1. A solar cell, comprising:

a photovoltaic structure;

a transparent-conductive-oxide (TCO) layer situated above the photovoltaic structure, wherein the TCO layer is in contact with the front surface of the photovoltaic structure; and

a front-side metal grid situated above the TCO layer, wherein the front-side metal grid includes:

a first metal layer comprising Cu, and

a second metal layer covering a top surface and sidewalk of the first metal layer, wherein the second metal layer comprises at least one of: Ag and Sn.

2. The solar cell of claim 1, wherein the resistivity of the front-side metal grid is less than 2×10⁻⁵Ω·cm.

3. The solar cell of claim 1, wherein the first metal layer is formed using an electroplating process.

4. The solar cell of claim 1, wherein the second metal layer is formed using a metal immersion process.

5. The solar cell of claim 4, wherein the metal immersion process is conducted in an acidic environment, thereby preventing deposition of the second metal layer on the TCO layer.

6. The solar cell of claim 4, wherein the metal immersion process involves a complexing agent that comprises Thiourea.

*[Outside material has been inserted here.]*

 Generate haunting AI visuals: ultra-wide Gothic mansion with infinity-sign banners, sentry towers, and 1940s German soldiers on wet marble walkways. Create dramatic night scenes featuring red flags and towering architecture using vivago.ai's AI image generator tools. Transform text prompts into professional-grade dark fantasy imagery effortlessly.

7. The solar cell of claim 1, further comprising:

a back-side TCO layer situated on the back side of the photovoltaic structure, wherein the back-side TCO layer is in contact with the back surface of the photovoltaic structure; and

a back-side metal grid situated on the back-side TCO layer, wherein the back-side metal, grid includes:

an inner metal core comprising Cu, and

an outer metal layer covering a top surface and sidewalls of the inner metal core, wherein the outer metal layer comprises at least one of: Ag and Sn.

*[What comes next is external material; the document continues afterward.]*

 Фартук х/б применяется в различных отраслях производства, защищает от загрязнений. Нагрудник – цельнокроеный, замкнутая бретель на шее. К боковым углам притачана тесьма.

8. A method for fabricating a solar cell, comprising:

depositing one or more layers of amorphous-Si (a-Si) on top of a crystalline Si (c-Si) substrate with thin oxide formed on the surface to form a photovoltaic structure;

depositing a layer of transparent-conductive-oxide (TCO) on top of the a-Si layers;

forming a front-side electrode grid comprising a metal stack on top of the TCO layer, wherein the metal stack includes:

a first metal layer comprising Cu, and

a second metal layer covering a top surface and sidewalls of the first metal layer, wherein the second metal layer comprises at least one of: Ag and Sn; and

forming a back-side electrode on the back side of the Si substrate.

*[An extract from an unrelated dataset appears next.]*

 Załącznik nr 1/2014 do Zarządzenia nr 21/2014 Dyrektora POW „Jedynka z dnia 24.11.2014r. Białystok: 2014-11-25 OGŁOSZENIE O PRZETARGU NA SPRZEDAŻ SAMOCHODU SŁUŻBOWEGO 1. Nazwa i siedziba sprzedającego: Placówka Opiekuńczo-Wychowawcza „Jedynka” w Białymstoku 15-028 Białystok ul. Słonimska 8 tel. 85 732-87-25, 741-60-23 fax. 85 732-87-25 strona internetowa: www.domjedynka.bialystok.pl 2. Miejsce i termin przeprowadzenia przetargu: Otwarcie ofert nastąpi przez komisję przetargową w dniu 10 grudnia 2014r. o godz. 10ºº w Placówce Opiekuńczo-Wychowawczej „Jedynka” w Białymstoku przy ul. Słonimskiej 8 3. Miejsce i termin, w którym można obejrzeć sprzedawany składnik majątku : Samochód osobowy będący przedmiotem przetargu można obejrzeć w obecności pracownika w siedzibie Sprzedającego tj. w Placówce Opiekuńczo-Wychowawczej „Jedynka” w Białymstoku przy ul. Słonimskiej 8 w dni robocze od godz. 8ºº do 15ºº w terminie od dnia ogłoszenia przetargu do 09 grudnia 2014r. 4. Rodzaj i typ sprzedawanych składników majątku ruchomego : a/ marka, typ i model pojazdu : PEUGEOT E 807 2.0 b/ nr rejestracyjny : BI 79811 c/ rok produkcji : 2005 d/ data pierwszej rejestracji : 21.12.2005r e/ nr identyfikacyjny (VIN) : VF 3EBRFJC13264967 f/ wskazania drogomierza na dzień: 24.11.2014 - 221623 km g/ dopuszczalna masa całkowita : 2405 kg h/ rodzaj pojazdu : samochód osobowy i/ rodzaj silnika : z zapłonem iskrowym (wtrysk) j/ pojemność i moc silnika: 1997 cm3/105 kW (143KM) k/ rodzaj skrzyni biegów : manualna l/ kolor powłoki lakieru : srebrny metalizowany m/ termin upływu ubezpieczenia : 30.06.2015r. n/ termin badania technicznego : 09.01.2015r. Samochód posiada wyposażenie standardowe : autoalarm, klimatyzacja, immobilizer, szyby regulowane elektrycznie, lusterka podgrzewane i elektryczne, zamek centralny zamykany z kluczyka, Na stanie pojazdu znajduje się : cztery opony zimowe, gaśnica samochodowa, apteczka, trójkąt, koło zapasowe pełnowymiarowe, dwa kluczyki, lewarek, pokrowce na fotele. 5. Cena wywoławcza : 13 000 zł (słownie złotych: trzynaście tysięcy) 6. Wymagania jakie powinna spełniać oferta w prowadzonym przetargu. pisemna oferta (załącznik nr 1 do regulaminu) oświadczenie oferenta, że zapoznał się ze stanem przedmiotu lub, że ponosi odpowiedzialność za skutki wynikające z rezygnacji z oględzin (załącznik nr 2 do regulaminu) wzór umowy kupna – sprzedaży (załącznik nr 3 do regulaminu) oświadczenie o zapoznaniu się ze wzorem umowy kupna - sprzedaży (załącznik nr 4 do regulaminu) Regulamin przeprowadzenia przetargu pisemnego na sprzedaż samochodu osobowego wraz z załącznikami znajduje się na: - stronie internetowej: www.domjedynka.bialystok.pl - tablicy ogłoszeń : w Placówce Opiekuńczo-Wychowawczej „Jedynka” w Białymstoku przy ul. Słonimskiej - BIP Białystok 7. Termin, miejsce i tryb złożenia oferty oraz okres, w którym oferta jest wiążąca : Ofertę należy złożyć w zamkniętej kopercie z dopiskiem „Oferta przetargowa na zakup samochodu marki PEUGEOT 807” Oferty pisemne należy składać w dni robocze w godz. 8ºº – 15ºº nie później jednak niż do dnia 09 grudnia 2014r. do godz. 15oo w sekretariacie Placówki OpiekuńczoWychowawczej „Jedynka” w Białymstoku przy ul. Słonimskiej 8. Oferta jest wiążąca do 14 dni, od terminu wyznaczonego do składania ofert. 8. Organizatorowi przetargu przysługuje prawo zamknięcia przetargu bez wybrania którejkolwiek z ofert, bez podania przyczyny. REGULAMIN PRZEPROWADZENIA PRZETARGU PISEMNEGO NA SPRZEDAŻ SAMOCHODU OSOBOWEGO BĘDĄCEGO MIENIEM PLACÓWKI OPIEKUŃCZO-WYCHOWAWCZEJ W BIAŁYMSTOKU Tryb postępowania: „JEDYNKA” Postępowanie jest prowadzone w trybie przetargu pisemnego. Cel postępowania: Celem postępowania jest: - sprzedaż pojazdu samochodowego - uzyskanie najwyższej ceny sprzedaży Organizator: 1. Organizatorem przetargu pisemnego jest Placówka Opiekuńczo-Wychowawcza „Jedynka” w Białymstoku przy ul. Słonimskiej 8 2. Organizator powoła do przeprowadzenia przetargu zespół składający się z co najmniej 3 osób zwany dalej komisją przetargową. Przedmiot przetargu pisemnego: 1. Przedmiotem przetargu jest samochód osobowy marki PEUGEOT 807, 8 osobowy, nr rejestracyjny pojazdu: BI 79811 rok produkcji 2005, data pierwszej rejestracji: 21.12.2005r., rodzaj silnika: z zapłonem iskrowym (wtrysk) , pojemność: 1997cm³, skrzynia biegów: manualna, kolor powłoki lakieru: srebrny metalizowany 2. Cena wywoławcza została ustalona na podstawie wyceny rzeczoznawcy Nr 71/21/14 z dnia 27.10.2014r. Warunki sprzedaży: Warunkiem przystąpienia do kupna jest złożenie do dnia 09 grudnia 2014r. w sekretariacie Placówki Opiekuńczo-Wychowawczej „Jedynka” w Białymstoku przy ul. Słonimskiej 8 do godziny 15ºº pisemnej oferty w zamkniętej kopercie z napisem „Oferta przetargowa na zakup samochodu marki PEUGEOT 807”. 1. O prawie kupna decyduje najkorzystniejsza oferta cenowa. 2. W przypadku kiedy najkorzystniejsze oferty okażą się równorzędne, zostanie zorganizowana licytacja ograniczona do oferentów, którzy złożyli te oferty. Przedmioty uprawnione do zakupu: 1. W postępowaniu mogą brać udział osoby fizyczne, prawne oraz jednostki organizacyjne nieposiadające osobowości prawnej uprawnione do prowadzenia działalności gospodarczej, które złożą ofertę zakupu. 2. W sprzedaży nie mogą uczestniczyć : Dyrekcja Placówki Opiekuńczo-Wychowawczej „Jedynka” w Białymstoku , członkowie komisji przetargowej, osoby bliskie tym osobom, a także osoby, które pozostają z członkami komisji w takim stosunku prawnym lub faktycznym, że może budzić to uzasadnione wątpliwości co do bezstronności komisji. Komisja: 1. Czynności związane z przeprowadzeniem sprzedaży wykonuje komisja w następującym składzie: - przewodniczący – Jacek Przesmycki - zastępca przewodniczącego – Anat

9. The method of claim 8, wherein the resistivity of the front-side electrode grid is less than 2×10⁻⁵Ω·cm.

10. The method of claim 8, wherein forming the first metal layer involves electroplating the first metal layer on top of the TCO layer.

11. The method of claim 10, wherein forming the first metal layer further involves depositing and/or removing a patterned masking layer on top of the TCO.

12. The method of claim 8, wherein forming the second metal layer involves a metal immersion process.

13. The method of claim 12, wherein the metal immersion process is conducted in an acidic environment, thereby preventing deposition of the second metal layer on the TCO layer.

14. The method of claim 12, wherein the metal immersion process involves a complexing agent that comprises Thiourea.

15. The method of claim 8, further comprising:

depositing a back-side TCO layer on the back side of the photovoltaic structure, wherein the back-side TCO layer is in contact with the back surface of the photovoltaic structure; and

fabricating a back-side electrode grid on the back-side TCO layer, wherein the back-side electrode grid includes:

an inner metal core comprising Cu, and

an outer metal layer covering a top surface and sidewalk of the inner metal core, wherein the outer metal layer comprises at least one of: Ag and Sn.